Link Posted: 4/20/2017 2:33:13 AM EDT
[Last Edit: mPisi] [#2]
Just scored a 1918 first edition of McBride's The Emma Gees on Ebay.  I feel the need to crow but didn't want to start a new thread on it.  Not great condition but will be interesting to see.  I've only read the text version before.  I was not even looking for it, but I have a daily search running for "trench map" and it showed up since it has a trench map illustration.
Link Posted: 4/20/2017 1:24:21 PM EDT
[#3]
Currently reading Rogue Heroes by Ben Macintyre about the SAS in WWII in North Africa.
Link Posted: 4/22/2017 11:02:50 AM EDT
[#4]
Finished-

Dancer's Lament - Ian c. Esslemont

Night of knives - Ian c. Esslemont

Malazan world fantasy..Although neither compares to the Erikson books.

It - Stephen King

Starting-- American Assassin, by Vince Flynn
Link Posted: 4/23/2017 8:26:17 AM EDT
[#5]
Just started reading Dmitriy Loza's Fighting For the Soviet Motherland. It's the only account I've read from a Matilda crewman (funny, no Englishman ever wrote or cared to write about his experience in that vehicle). Anyway, Loza mentions a defector who was taken into the Gehlen Organization and was trained in Berlin for 8 months before being infiltrated back into the Soviet Union via Iran/Persia.
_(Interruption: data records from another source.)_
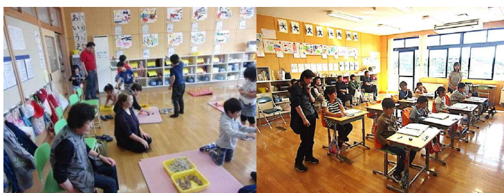
(1年生の授業の様子)

9月19日(木)に祖父母参観がありました。祖父母の皆さんに、普段の学習の様子を見ていただいたり、昔の遊び道具を一緒に作っていただいたり、地域の保存食について教えていただいたりしながら、楽しく学べた時間になりました。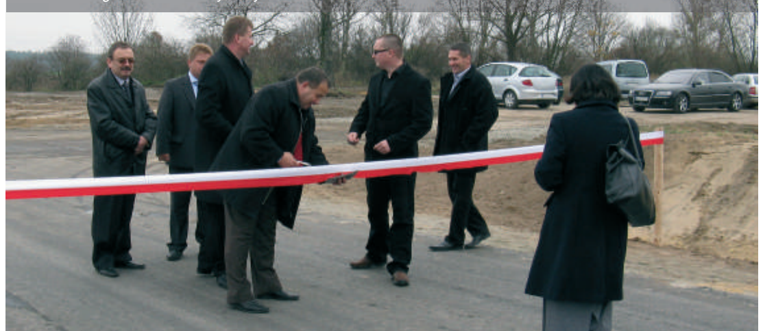
Otwarcie drogi w Parku Przemysłowym PA

przeznaczonych na utworzenie Parku, ma już swoje przeznaczenie, trwają mocno zaawansowane prace projektowe i przygotowawcze przed rozpoczęciem inwestycji. Dla wykorzystania reszty obszaru prowadzone są rozmowy z potencjalnymi inwestorami.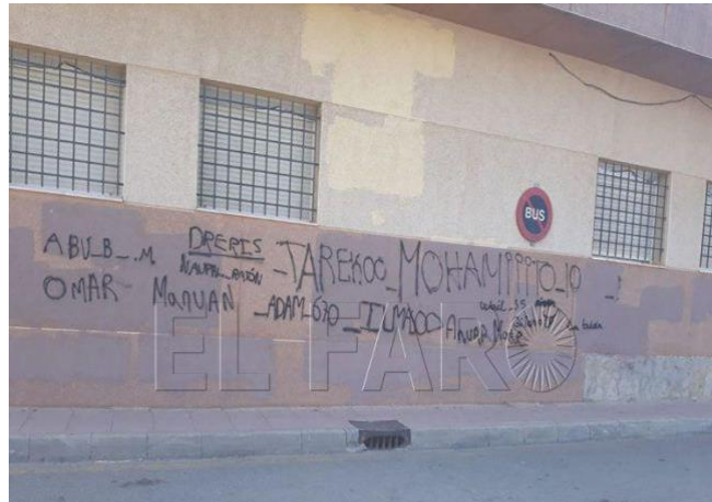
Fig. 3 33

El barrio del Príncipe padece de una imagen pública negativa que lo vincula directamente con la violencia, la inseguridad e incluso la miseria. Lejos de los eufemismos de las autoridades que niegan su abandono 34 , y que prefieren ver un barrio donde existen varias “problemáticas” 35 , los mismos habitantes, pese a su arraigo y afecto por el barrio, lo califican de manera habitual de “gueto”, de “polvorín” cuando no lo describen como un “territorio comanche”, lo que podemos traducir como territorio enemigo tal y como lo vemos reflejado en el siguiente tag, es decir, un territorio fuera de la ley.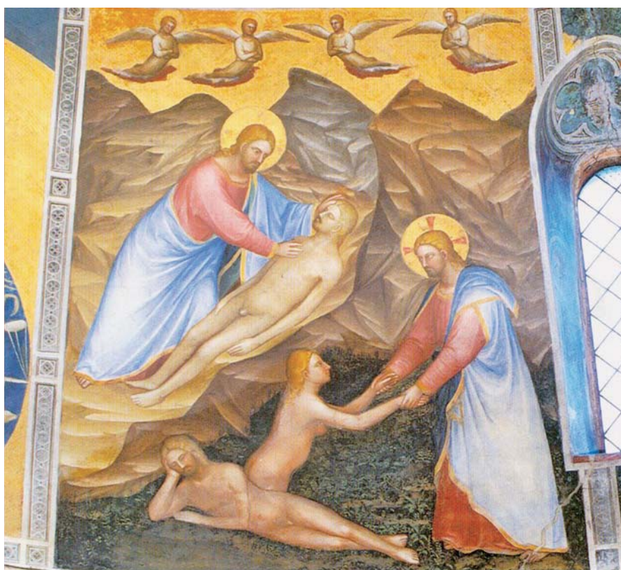
Giusto di Giovanni de' Menabuoi: Svoření Adama a Evy (1370).

Volá však zbloudilé zpátky. Vždyť i u olomených větvích apoštol říká: Bůh je dost mocný, aby je znovu narouboval. Ať už mluvíme o ovcích, které zabloudily od stáda, nebo o větvích odříznutých od kmene révy, Bůh má jistě stejnou moc zavolat ovce zpátky i naroubovat ratolesti znovu na kmen; je přece nejvyšší pastýř a je pravý vinař.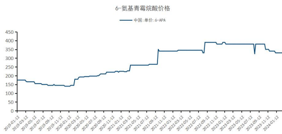
图2：6-氨基青霉烷酸价格持平

高技术制造业前沿动态上，据新华社 2 月 27 日消息，记者从自然资源部中国极地研究中心获悉，我国将在南极钻探一个冰下湖，正在开展的中国第 40 次南极考察中，内陆考察队员已成功进行实地探路。据中国极地研究中心极地冰雪与气候变化研究所研究员姜苏介绍，这个冰下湖位于东南极内陆冰盖伊丽莎白公主地区，深埋在冰盖下方超过 3600 米，距离中国南极泰山站 120 千米。2022 年，我国正式将这个形似“麒麟静卧”的冰下湖命名为“麒麟冰下湖”，现已被南极研究科学委员会（SCAR）收录。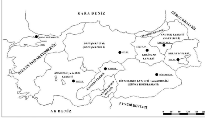
Harita 7. ANADOLU'DA İLHANLI DÖNEMİ SELÇUKLU İDARİ BİRİMLERİ (1237-1277)

Harita 7: 1237-1277 yılları arasında Selçuklu İdarî Birimleri (1237-1277) (Harita: 1:500.000, ölçek: 1:500.000)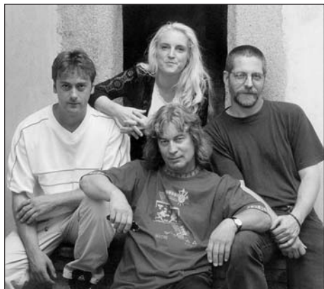
ŽALMAN & spol.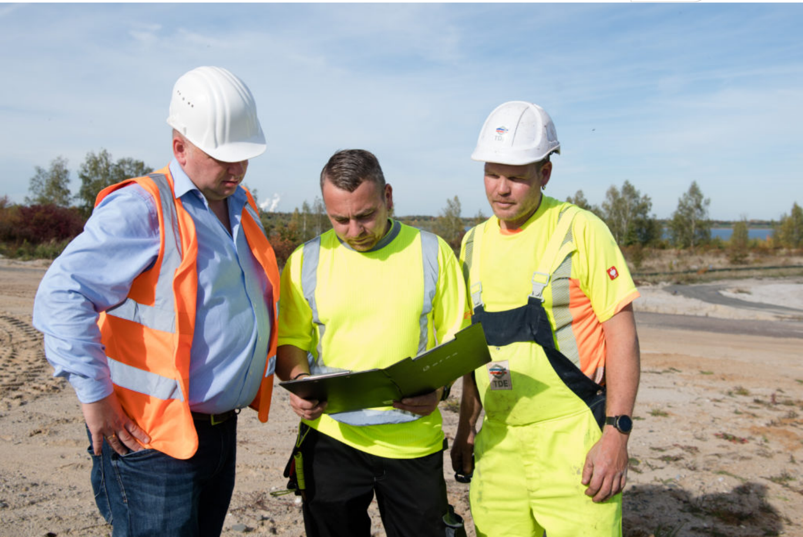
Auswertung der Sprengarbeiten zwischen TDE und LMBV.

Zertifikat seit 2023 audit berufundfamilie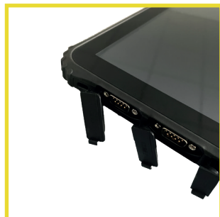
Vielfältige Schnittstellen Rich I/O options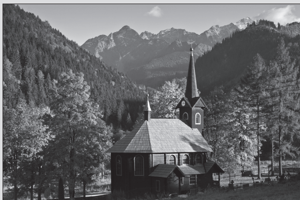
Kostol sv. Anny v Tatranskej Javorine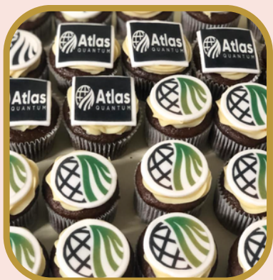
Cupcake sem embalagem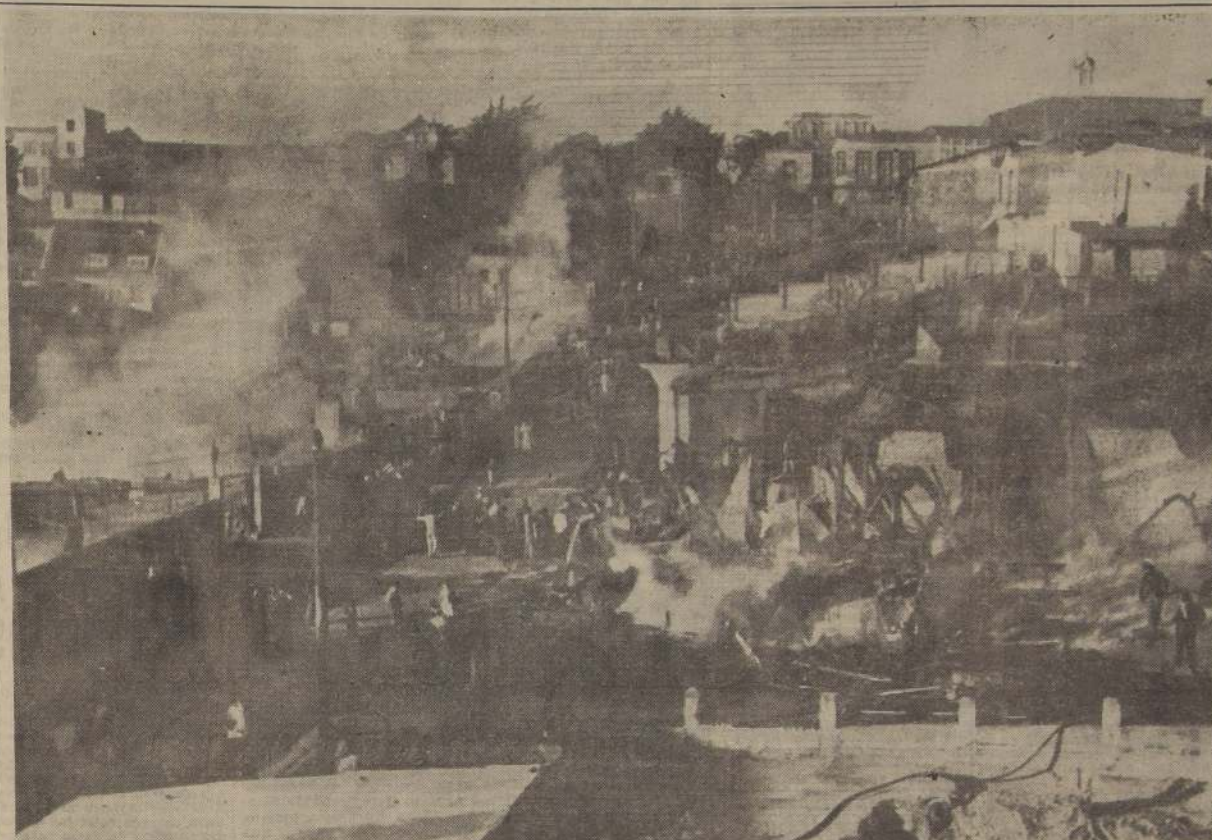
DESOLACION Y TRAGEDIA. — Un aspecto de la calle Olea, que fué arrasada en sus dos costados por el voraz incendio que ayer consumió trece casas del vecino balneario de Cartagena. Esta fotografía tomada a las 18 horas, sólo muestra restos y ruinas, mientras el humo aún surge de los escombros. 260 personas resultaron damnificadas.

I supposed the traitor's route would be via Turkey into Syria and then Iraq before Iran. I didn't realize the Gehlen Organization reach was that far (I knew they were in Syria because Syria was part of Vichy France). Said traitor came forward post-war but Smersh learned from Loza and other survivors from Loza's unit about the desertion. Smersh then squeezed the rest of the story out of the defector/deserter. While Loza does not mention what happened to him (he was handled according to the law), we all know what Soviet justice does.
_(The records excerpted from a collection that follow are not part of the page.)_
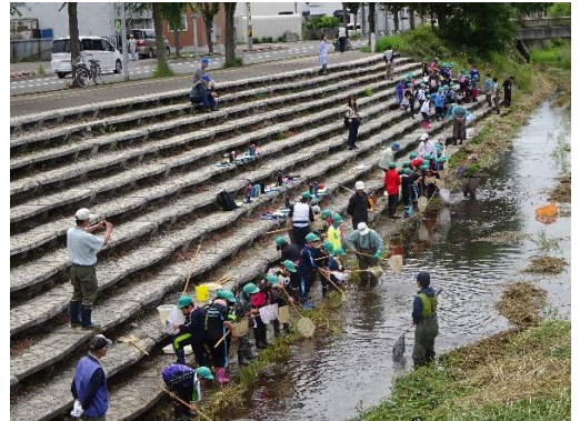
前田北小学校 4 年生児童 50 名が参加した手稲土功川生物観察会（7/6）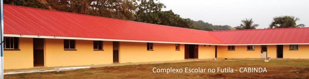
Complexo Escolar no Futila - CABINDA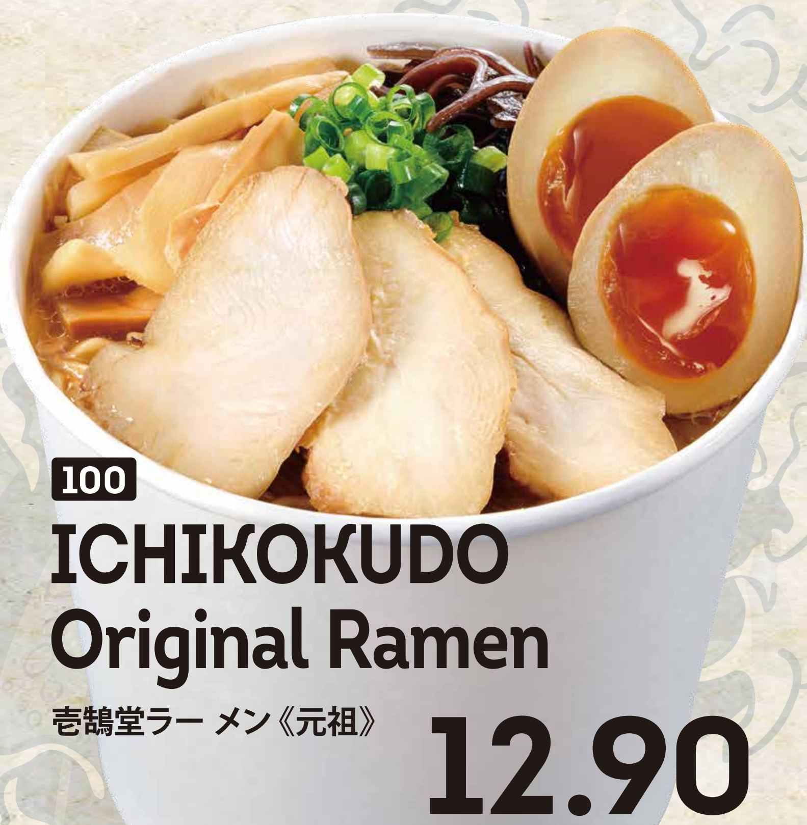
100 ICHIKOKUDO Original Ramen 壺鶴堂ラーメン《元祖》 12.90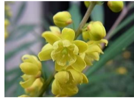
細葉柗南天(ホリヒイラギナンテン)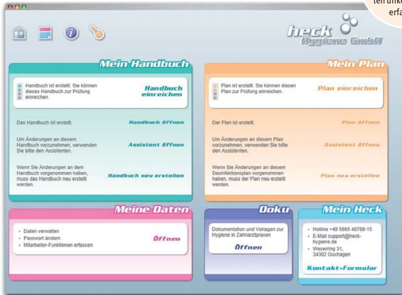
Abb. 1: Mit dem webbasierten Hygieneplan lassen sich Daten unkompliziert erfassen.

Im Praxisalltag spielt Hygiene eine wichtige Rolle. Damit das Personal und der Patient ausreichend geschützt sind und gleichzeitig noch genug Zeit für einen persönlichen Kontakt in der Praxis bleibt, ist ein vereinfachter Hygieneprozess unerlässlich. Ein webbasierter Hygieneplan hilft, gesetzliche Anforderungen in diesem Bereich schnell und unkompliziert zu erfüllen, auf hohem technischen Niveau.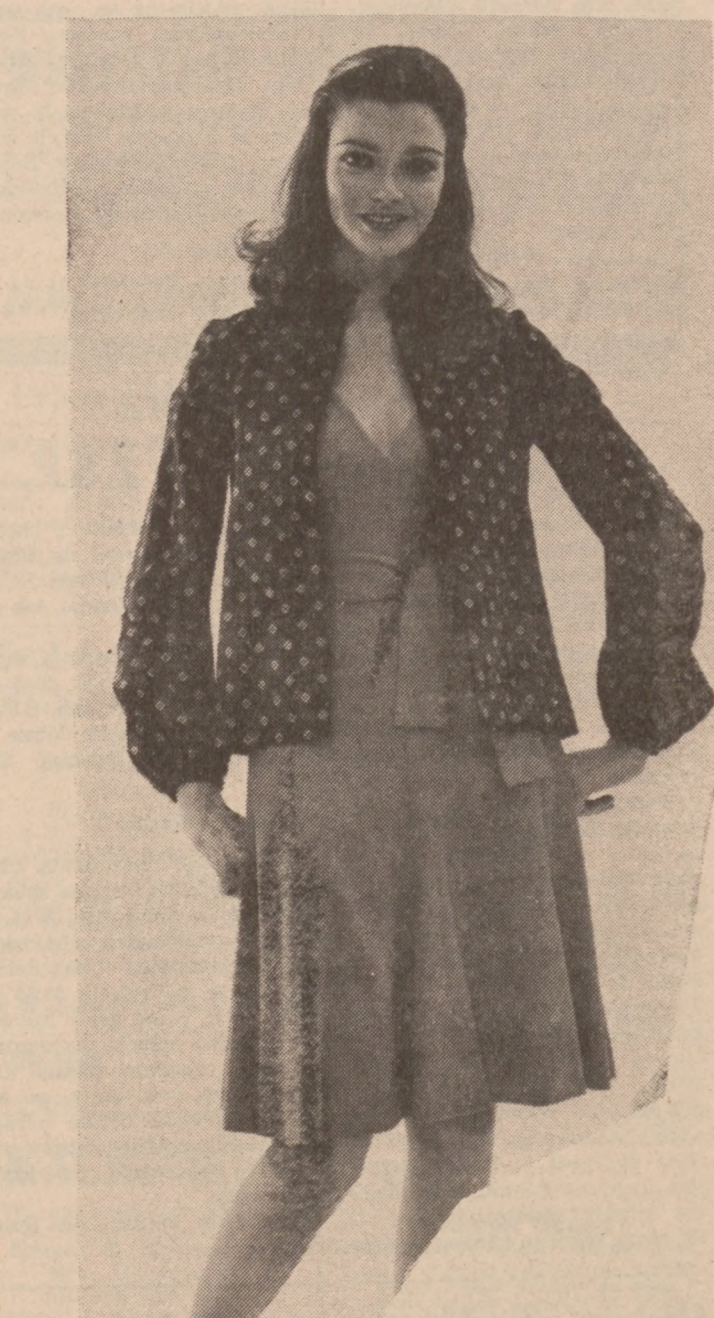
Letnia suknia z bawełny w jasnym kolorze. Luźny żakiet z deseniowego materiału.

Elsewhere Loza mentions that the T-34 of 1942-43 all had a lot of spalling. Loss of some mines in Ukraine meant that a certain component was unavailable for tank production and this made their steel very hard (brittle). So, even if there was no penetration, crews would be injured by spalling. Smersh investigated it and searched for the parties responsible for "counter-revolutionary sabotage" and it wasn't until injured survivors reported the defective armor that the issue was closed by Smersh. Still, because nothing could be done, the Soviets still churned out tanks with brittle armor.
Link Posted: 4/24/2017 10:28:50 PM EDT
[#6]
Finished up this


and started this

Link Posted: 4/28/2017 7:44:45 PM EDT
[#7]
Just finished this...


Now reading this...
Link Posted: 4/28/2017 8:22:16 PM EDT
[#8]
"No more dragons"

Jim Burgen
Link Posted: 4/30/2017 8:28:38 PM EDT
[#9]
Sherlock's Marches and Battles of the 100th Indiana Infantry. One of its member was Theodore Upson.
Link Posted: 4/30/2017 9:56:08 PM EDT
[#10]
Link Posted: 5/2/2017 10:17:01 AM EDT
[#11]
Coughlin & Bruning's Shock Factor.
Link Posted: 5/5/2017 9:51:24 AM EDT
[Last Edit: Riter] [#12]
John Herberich's (sp) Masters of the Field. It's about the Fourth U.S. Cavalry Regiment (regulars) before and during the Civil War. Hebrich's relative was a sergeant in that unit. In the prologue I learned a lot about cavalry before the war (most of my reading was on infantry and artillery of the era).
Link Posted: 5/9/2017 8:21:54 PM EDT
[#13]
Managed to get sucked back into the Wheel of Time again.  Almost done with the Lords of Chaos.
Link Posted: 5/11/2017 5:58:08 PM EDT
[Last Edit: BakerMike] [#14]
Quicksilver by Neal Stephenson (19%) - enjoying this so far, but not quite sure where it's all going. Neal Stephenson is weird, y'all.

Python Crash Course by Eric Matthes (17%) - much more readable than the other python textbook I was working on before. Still pretty dull going.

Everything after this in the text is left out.